Work request ->
Retype the data that follows line by line, exactly, and leave its pictures out.

Dataset excerpt ->
- - -

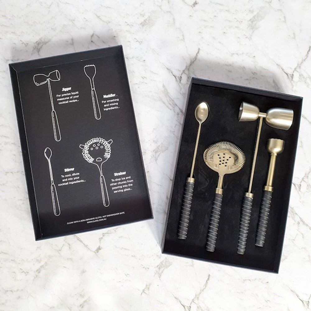 The set contains a jigger, stirring spoon, muddler and strainer. For the whole cocktail caboodle, don’t forget to grab the matching Cocktail Shaker.
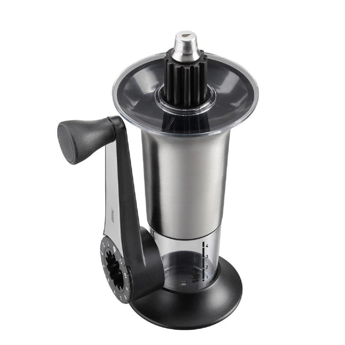 - abnehmbare Kurbel, kann platzsparend an die Mühle gesteckt werden
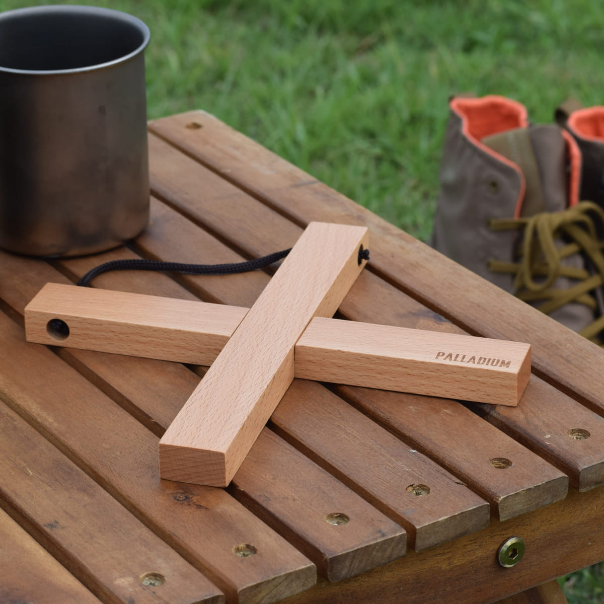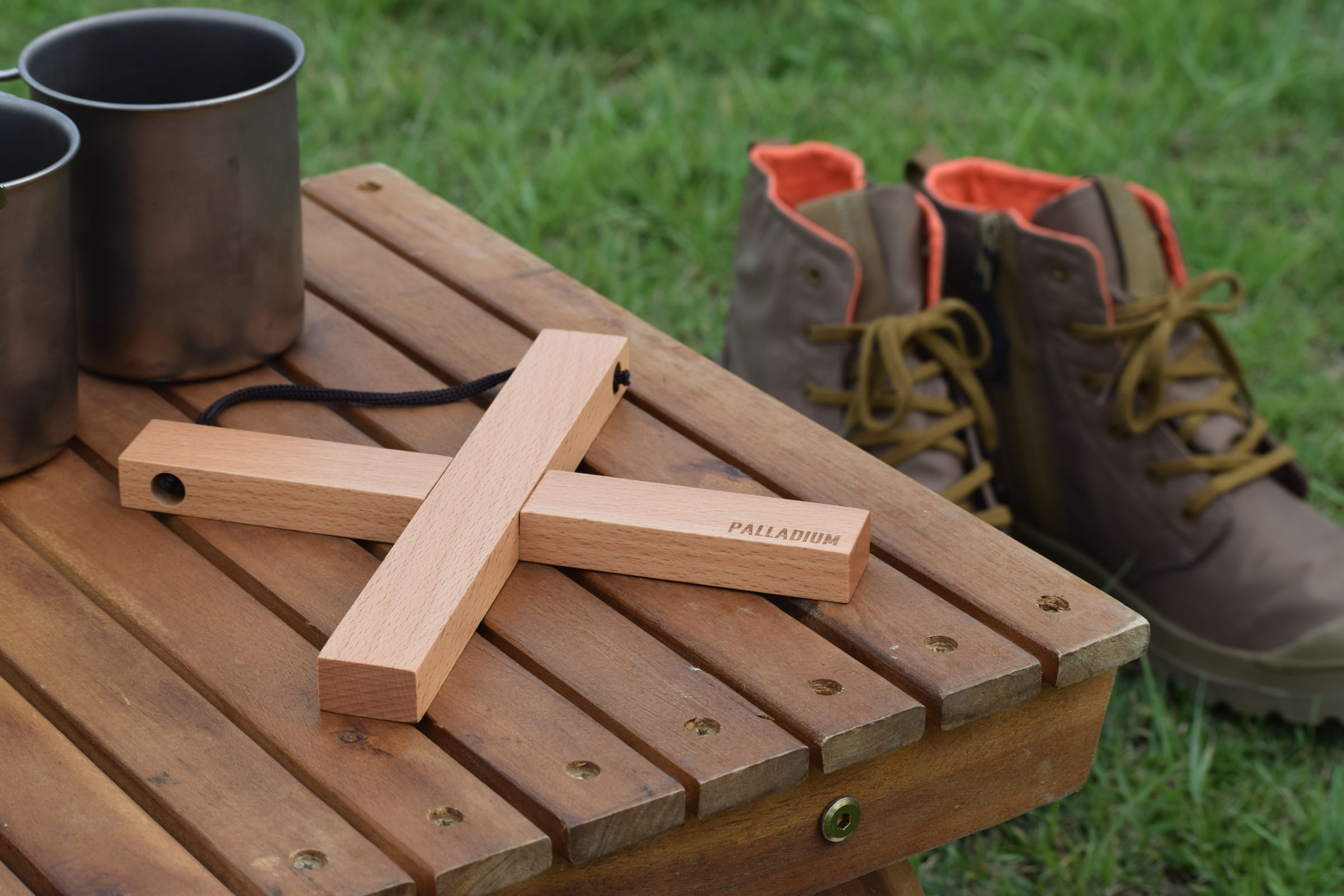 今回、アウトドアに最適な「PAMPA HI SEEKER LITE+ WP+」か「PAMPA OX SEEKER LITE+ WP+」をパラディウムオフィシャルストアでお求めいただくと、アウトドアを楽しめるプラスワンのアイテム「鍋敷き」をプレゼント。自然になじみやすいブナの木製で、お家でポットスタンドにも使えます。

- - -

Completed task ->
 The set contains a jigger, stirring spoon, muddler and strainer. For the whole cocktail caboodle, don’t forget to grab the matching Cocktail Shaker.
 - abnehmbare Kurbel, kann platzsparend an die Mühle gesteckt werden
 今回、アウトドアに最適な「PAMPA HI SEEKER LITE+ WP+」か「PAMPA OX SEEKER LITE+ WP+」をパラディウムオフィシャルストアでお求めいただくと、アウトドアを楽しめるプラスワンのアイテム「鍋敷き」をプレゼント。自然になじみやすいブナの木製で、お家でポットスタンドにも使えます。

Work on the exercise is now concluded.